Collected data:
++++
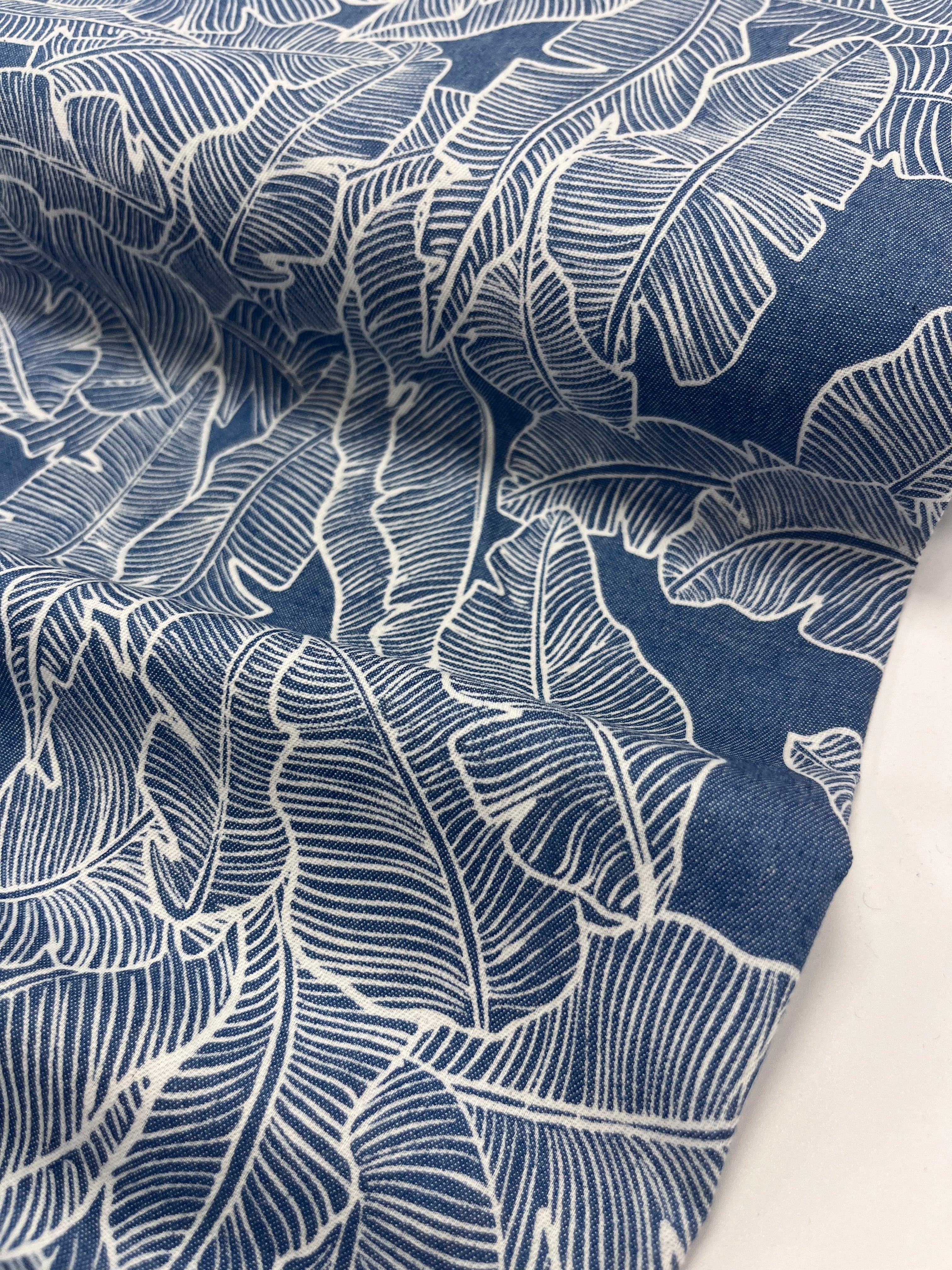 This lightweight indigo denim features a charming all-over leaf print, making it a playful choice for shirts, dresses, or skirts. Its soft texture and breathable feel ensure comfort while adding a touch of nature-inspired fun to your wardrobe creations. Perfect for those who love a fresh, stylish twist on classic denim!
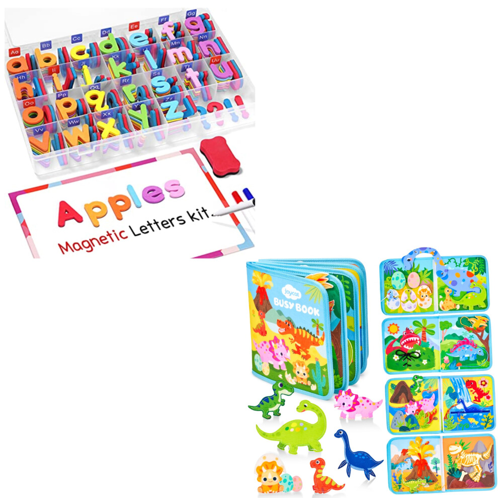 2 in 1 Toddler Busy Book with Magnetic Alphabet Letters, Dinosaur Learning Toy for Kids Ages 14
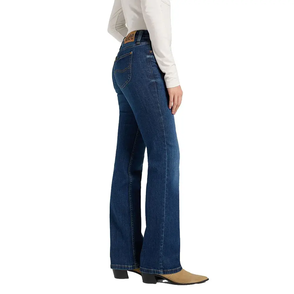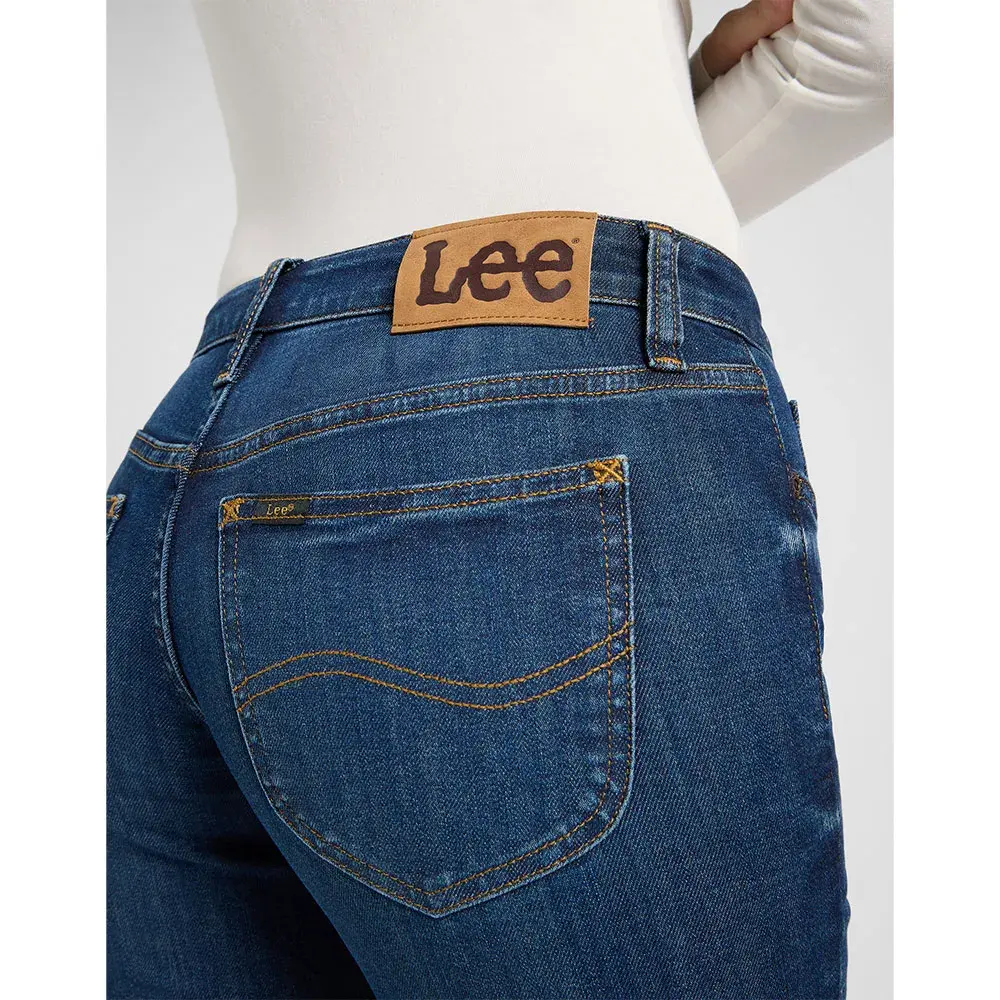 Классический фасон с пятью карманами, S-образными задними карманами, нашивкой Lee сзади и пуговицами с логотипом.
++++
Leave out the pictures, and retype exactly the lines from the one containing "2 in 1 Toddler" through the last line of the data above, no more and no less.

 2 in 1 Toddler Busy Book with Magnetic Alphabet Letters, Dinosaur Learning Toy for Kids Ages 14
 Классический фасон с пятью карманами, S-образными задними карманами, нашивкой Lee сзади и пуговицами с логотипом.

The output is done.